For the first run, we present an irregular scrawl drawn over an interesting cluster of the UMAP embedding (see Fig.4b). This cluster is off to the top right of the ‘main’ cluster seen below it. This cluster is particularly interesting in that it only contains days 5, 6, and 8 (recall day 7 is not in the dataset) and each of those days present themselves in roughly vertical lines in roughly the correct order (days 4 and 5 are intermixing, but days 6 and 8 are quite distinct). The choice to use a ‘squiggle’ shape comes from the fact that since each day presents roughly vertically, the overall progression from day 4 to 5, and 5 to 6, etc is therefore horizontal. However, since this cluster is not very wide, a single horizontal line would not be representative of the entire cluster. Thus, the squiggle manages to create multiple horizontal lines on the cluster. After drawing this, we compute the FFT metric. Recall that there are nearly 25,000 genes and we rely on the FFT metric to return a list of the top 100 genes who present periodic behaviour along our manifold. The analysis of the genes marked significant by the FFT metric is of course limited to the amount of domain knowledge and time for exploration that one has available.
We now discuss a few notable genes flagged by the FFT metric. Ranked 1st was SERPIND1, which is known to have highly biased expression in the liver (Stelzer et al. 2016). Ranked 4th was CYP2D26 which the original authors identified as notable among the E15.5 and E17.5 hepatocytes (see Fig. 2 of Yang et al. 2017). This aligns well with the fact that the cluster being analysed here contained days 6 and 8 most prominently. Ranked 7th was FABP1 (fatty acid binding protein 1), which is known to have expression in the liver as it encodes the for fatty acid binding protein of the liver (Stelzer et al. 2016). Although this evaluation is inherently limited by our domain knowledge and exploration, the ability to flag such genes as significant (out of 25,000) is remarkable.

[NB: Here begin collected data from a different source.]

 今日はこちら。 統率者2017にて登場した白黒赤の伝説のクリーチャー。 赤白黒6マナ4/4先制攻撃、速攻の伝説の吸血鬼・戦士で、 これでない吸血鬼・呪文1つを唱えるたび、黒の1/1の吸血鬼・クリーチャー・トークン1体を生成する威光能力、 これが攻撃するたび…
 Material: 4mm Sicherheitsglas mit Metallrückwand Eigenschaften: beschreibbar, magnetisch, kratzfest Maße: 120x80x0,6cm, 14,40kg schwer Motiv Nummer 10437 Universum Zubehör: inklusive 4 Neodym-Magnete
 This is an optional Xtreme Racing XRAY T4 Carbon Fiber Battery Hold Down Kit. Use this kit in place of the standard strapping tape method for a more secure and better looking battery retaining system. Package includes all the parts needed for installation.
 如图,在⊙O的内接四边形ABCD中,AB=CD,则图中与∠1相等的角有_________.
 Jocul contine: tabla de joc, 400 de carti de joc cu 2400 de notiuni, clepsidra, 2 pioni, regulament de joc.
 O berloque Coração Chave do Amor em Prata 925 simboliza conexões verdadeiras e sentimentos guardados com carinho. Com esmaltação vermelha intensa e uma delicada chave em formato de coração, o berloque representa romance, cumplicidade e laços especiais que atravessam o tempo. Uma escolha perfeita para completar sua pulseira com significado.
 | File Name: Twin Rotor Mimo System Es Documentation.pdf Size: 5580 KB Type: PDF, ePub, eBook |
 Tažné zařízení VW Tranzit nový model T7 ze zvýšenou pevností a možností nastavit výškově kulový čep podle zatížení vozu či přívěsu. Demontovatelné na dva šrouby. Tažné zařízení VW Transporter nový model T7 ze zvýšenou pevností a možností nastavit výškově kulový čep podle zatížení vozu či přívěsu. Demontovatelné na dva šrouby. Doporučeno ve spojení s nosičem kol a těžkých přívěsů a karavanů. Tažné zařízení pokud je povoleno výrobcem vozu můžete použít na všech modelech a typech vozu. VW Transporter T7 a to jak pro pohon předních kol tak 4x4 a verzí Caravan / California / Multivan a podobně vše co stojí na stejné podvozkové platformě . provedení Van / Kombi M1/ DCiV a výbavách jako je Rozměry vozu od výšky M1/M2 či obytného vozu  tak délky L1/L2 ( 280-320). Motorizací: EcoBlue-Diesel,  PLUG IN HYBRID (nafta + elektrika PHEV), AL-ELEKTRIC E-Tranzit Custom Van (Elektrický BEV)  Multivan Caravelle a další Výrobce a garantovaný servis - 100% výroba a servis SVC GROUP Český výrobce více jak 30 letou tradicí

Trajectory inference in hematopoiesis of mouse bone marrow cells
Data collected by Paul et al. (2015) was retrieved through the paul15() method of Wolf et al. (2018). The raw data contains 3,451 gene counts across 2,730 labelled bone marrow cells of mice. The clusters correspond to cell type. Numbers are prefixed to the cluster labels to distinguish between cells that may belong to the same cell type, but are at different levels of hematopoietic differentiation. In order to identify potential trajectories, we use PAGA (Wolf et al. 2019), one of the best overall trajectory inference methods in Saelens et al. (2019). From a k-nearest neighbours (kNN) graph of single cells and the associated clusters (partitions) of these cells, PAGA will compute a new graph representing the connectivities of the partitions. Obtaining the data, preprocessing, and running PAGA on this dataset were all accomplished through the Python package Scanpy, which contains methods for trajectory inference (Wolf et al. 2018). In particular, we use UMAP with the Euclidean distance metric to compute a single-cell connectivity graph with a neighbourhood size of 20. We use the existing clusters of Paul et al. (2015) as the partitions. We then run PAGA to obtain the graph of connectivities between partitions, as shown in Fig. 3.

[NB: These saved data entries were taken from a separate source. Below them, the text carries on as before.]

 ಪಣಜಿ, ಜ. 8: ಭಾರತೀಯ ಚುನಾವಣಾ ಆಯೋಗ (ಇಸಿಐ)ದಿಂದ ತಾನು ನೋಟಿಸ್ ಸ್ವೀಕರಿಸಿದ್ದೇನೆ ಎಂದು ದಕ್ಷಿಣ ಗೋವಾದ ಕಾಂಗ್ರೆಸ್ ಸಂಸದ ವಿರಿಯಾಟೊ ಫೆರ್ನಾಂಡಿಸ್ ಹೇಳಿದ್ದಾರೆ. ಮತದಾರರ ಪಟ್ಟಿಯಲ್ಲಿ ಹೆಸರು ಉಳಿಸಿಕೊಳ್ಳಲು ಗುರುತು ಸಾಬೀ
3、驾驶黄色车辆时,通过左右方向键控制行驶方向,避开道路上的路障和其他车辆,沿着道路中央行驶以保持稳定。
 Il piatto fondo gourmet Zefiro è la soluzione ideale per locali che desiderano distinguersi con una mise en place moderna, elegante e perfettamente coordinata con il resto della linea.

A notable set of connectivities are those among clusters 1 to 7, which Paul et al. (2015) hypothesize represent a continuum of erythrocyte differentiation. SlowMoMan is used to draw a trajectory between these clusters (see Fig. 3) and, using the FFT score to sort, obtain a list of the 100 most important features out of 3451. Notably, a number of key transcription factors identified in Fig. 1C of Paul et al. (2015) are ranked within the top 20 genes of this trajectory by SlowMoMan, includinig Apoe, CPOX, Hba-a2, and Car2. Although not previously associated with erythropoiesis, Paul et al. (2015) noted the significance of Cited4 in clusters 1–7. Interestingly, SlowMoMan ranks Cited4 at 76th. Although SlowMoMan was able to identify a number of key genes, due to these genes being spread across the list of top 100 features, a user without prior knowledge may not realize their significance. Indeed, users with prior knowledge as which features are most important may focus on using SlowMoMan to experiment with possible trajectories that capture as many of the important features as possible, as illustrated in the current example. In contrast, users without prior expectations on the features may instead use SlowMoMan is to gather a list of important features along a specific trajectory which may be investigated further with more conclusive methods.
Spatial transcriptomics
We apply SlowMoMan to a Human Lymph Node Spatial Gene Expression Dataset by Space Ranger 1.0.0, as provided by 10x Genomics (10x Genomics) (Fig. 5). A recent advancement in bioinformatics is the ability to associate gene expression data with its spatial distribution in a sample. Specifically, spatial transcriptomics enables researchers to locate the position of individual cells (and the respective gene expression data of each cell) in a sample. Spatial transcriptomics is a strong candidate field for SlowMoMan, as clusters in a tissue sample are unlikely to be perfectly distinct. Indeed, while the clusters of the corresponding embedding of the cells of tissue sample cells tend to remain fairly coherent, the clusters in the tissue sample itself are often intermingled and are broken into a number of subclusters, as illustrated in 5. In such cases, analysing the features of entire clusters would not be as informative as analysing the individual subsections of clusters and comparing them.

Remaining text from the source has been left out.